START Dataset excerpt
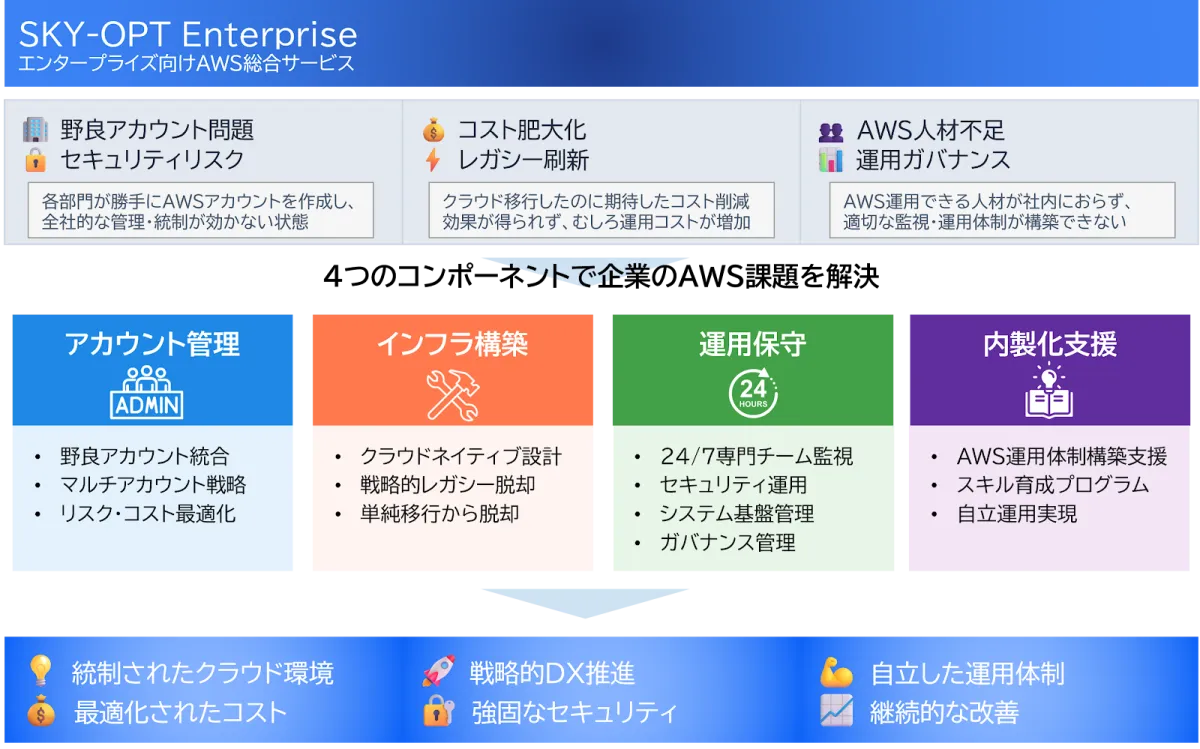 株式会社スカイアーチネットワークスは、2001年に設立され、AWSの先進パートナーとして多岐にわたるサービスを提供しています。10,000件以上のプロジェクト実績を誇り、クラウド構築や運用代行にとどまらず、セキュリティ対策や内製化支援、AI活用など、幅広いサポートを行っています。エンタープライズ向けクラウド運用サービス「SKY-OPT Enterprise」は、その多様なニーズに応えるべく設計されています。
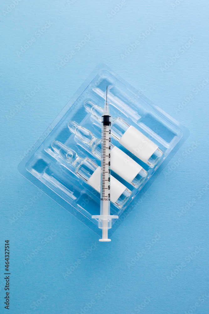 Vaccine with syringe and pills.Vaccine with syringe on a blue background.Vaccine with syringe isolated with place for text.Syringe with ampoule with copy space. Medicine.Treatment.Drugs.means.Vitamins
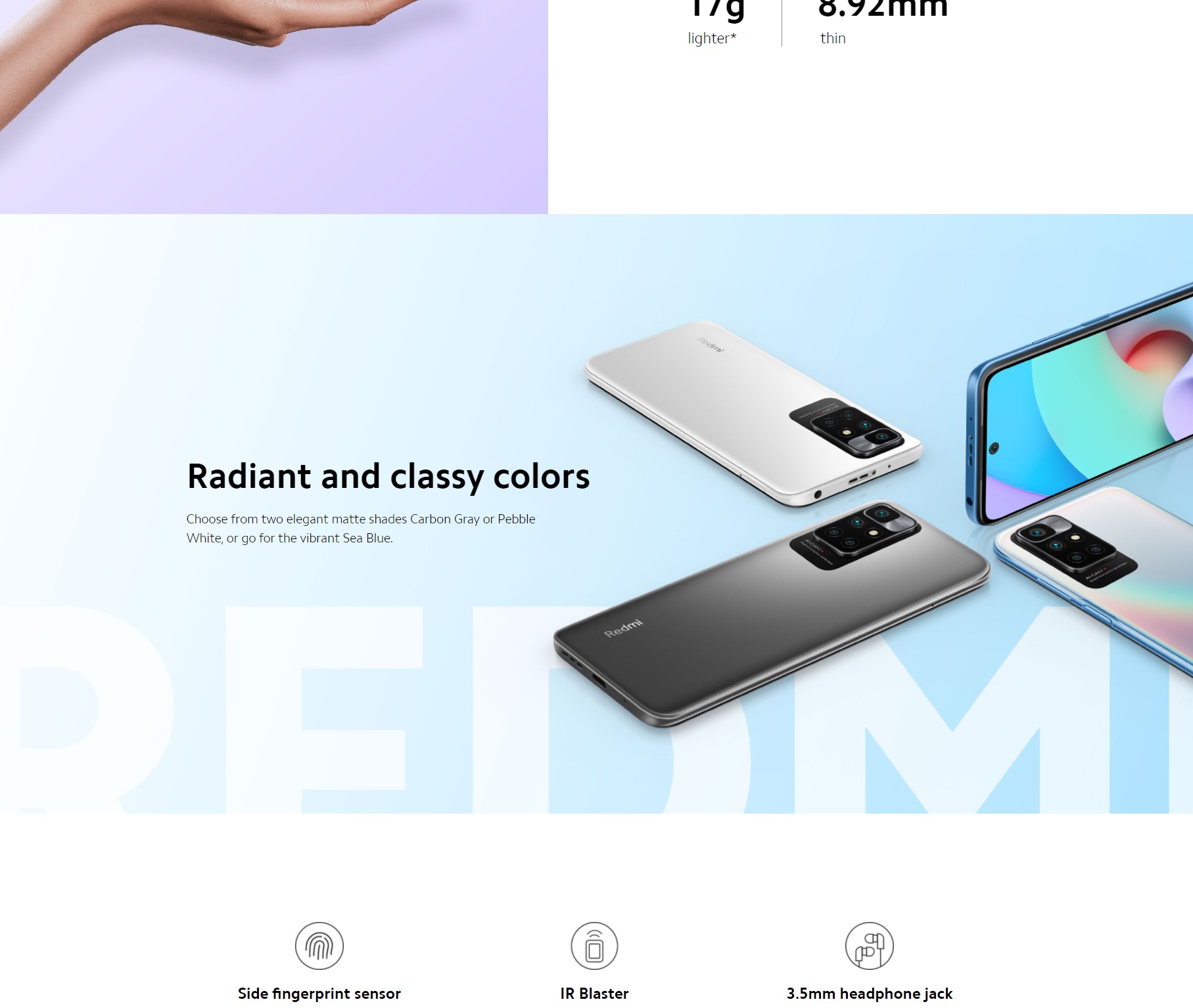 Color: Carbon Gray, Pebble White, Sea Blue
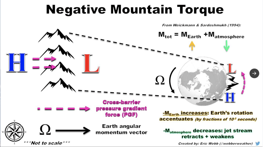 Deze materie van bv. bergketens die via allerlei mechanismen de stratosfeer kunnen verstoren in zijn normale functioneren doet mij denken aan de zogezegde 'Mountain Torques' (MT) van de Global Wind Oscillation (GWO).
END Dataset excerpt
## Task requirements
Restate the whole listing above exactly, please, omitting every image.

## Task solution
 株式会社スカイアーチネットワークスは、2001年に設立され、AWSの先進パートナーとして多岐にわたるサービスを提供しています。10,000件以上のプロジェクト実績を誇り、クラウド構築や運用代行にとどまらず、セキュリティ対策や内製化支援、AI活用など、幅広いサポートを行っています。エンタープライズ向けクラウド運用サービス「SKY-OPT Enterprise」は、その多様なニーズに応えるべく設計されています。
 Vaccine with syringe and pills.Vaccine with syringe on a blue background.Vaccine with syringe isolated with place for text.Syringe with ampoule with copy space. Medicine.Treatment.Drugs.means.Vitamins
 Color: Carbon Gray, Pebble White, Sea Blue
 Deze materie van bv. bergketens die via allerlei mechanismen de stratosfeer kunnen verstoren in zijn normale functioneren doet mij denken aan de zogezegde 'Mountain Torques' (MT) van de Global Wind Oscillation (GWO).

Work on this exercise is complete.